I guess this talk of leaving the job less than completely ready to paint gets kind of stuck in my craw because I keep running into finishers lately who tell me the same thing. That it is impossible to do a smooth finish. These guys often consider themselves hotshots. But when I see them work I notice that they rarely use a lights to check their work. They do not check to make sure the joints are as close to dead flat as is reasonably possible. They don't even keep their broad knives filed straight to use as flat joint "checkers". They do minimal cutting and prefilling of the walls prior to taping. So sure, if you don't have good fundamental habits, and a sound plan on how to finish the job, you are going to have problems. Where I live many of the guys learned the trade in the last 10-15 years when a finish for "skip trowel texture" or even just enough finish for diamond finish colored plaster, was the norm. Now most everything is level 5 or 4 for paint. And these same guys are lacking in the proper skills necessary. But they are not lacking in their hotshot egos. So I am not commenting on the skills of anyone here on this site. I am commenting on some of the finishers with whom I sometimes quarrel on the jobsites.


----------



## Bazooka-Joe (Dec 31, 2010)

endo_alley said:


> I guess this talk of leaving the job less than completely ready to paint gets kind of stuck in my craw because I keep running into finishers lately who tell me the same thing. That it is impossible to do a smooth finish. These guys often consider themselves hotshots. But when I see them work I notice that they rarely use a lights to check their work. They do not check to make sure the joints are as close to dead flat as is reasonably possible. They don't even keep their broad knives filed straight to use as flat joint "checkers". They do minimal cutting and prefilling of the walls prior to taping. So sure, if you don't have good fundamental habits, and a sound plan on how to finish the job, you are going to have problems. Where I live many of the guys learned the trade in the last 10-15 years when a finish for "skip trowel texture" or even just enough finish for diamond finish colored plaster, was the norm. Now most everything is level 5 or 4 for paint. And these same guys are lacking in the proper skills necessary. But they are not lacking in their hotshot egos. So I am not commenting on the skills of anyone here on this site. I am commenting on some of the finishers with whom I sometimes quarrel on the jobsites.

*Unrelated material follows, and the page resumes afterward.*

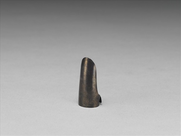 銀鎏金指甲套,上附指甲形葉片,全器素面無紋,鎏金脫落,背基包合可伸縮。

why worry bout anyone else


----------



## endo_alley (Nov 2, 2013)

Bazooka-Joe said:


> why worry bout anyone else


Cuz they want me to take them in under my wing and give them money is why.


----------



## Bazooka-Joe (Dec 31, 2010)

endo_alley said:


> Cuz they want me to take them in under my wing and give them money is why.


I quit that show, taught some Gumbies and they made a mess so no more


----------



## fr8train (Jan 20, 2008)

We cut out mashed edges, loose paper on butts, and smashed board. I knife check when I start running the boxes to make sure everything is right. Knife check bead while coating. Plenty of ambient light while coating (usually) and pole sanding, and light check while sponge sanding. I even like using never-miss for touch-up, because it's cheap insurance that I don't miss sanding that touch-up

Is my final product prefect? By no means. But, I do turn over a good product. Also, I will re-coat something on sanding day if it needs it.


----------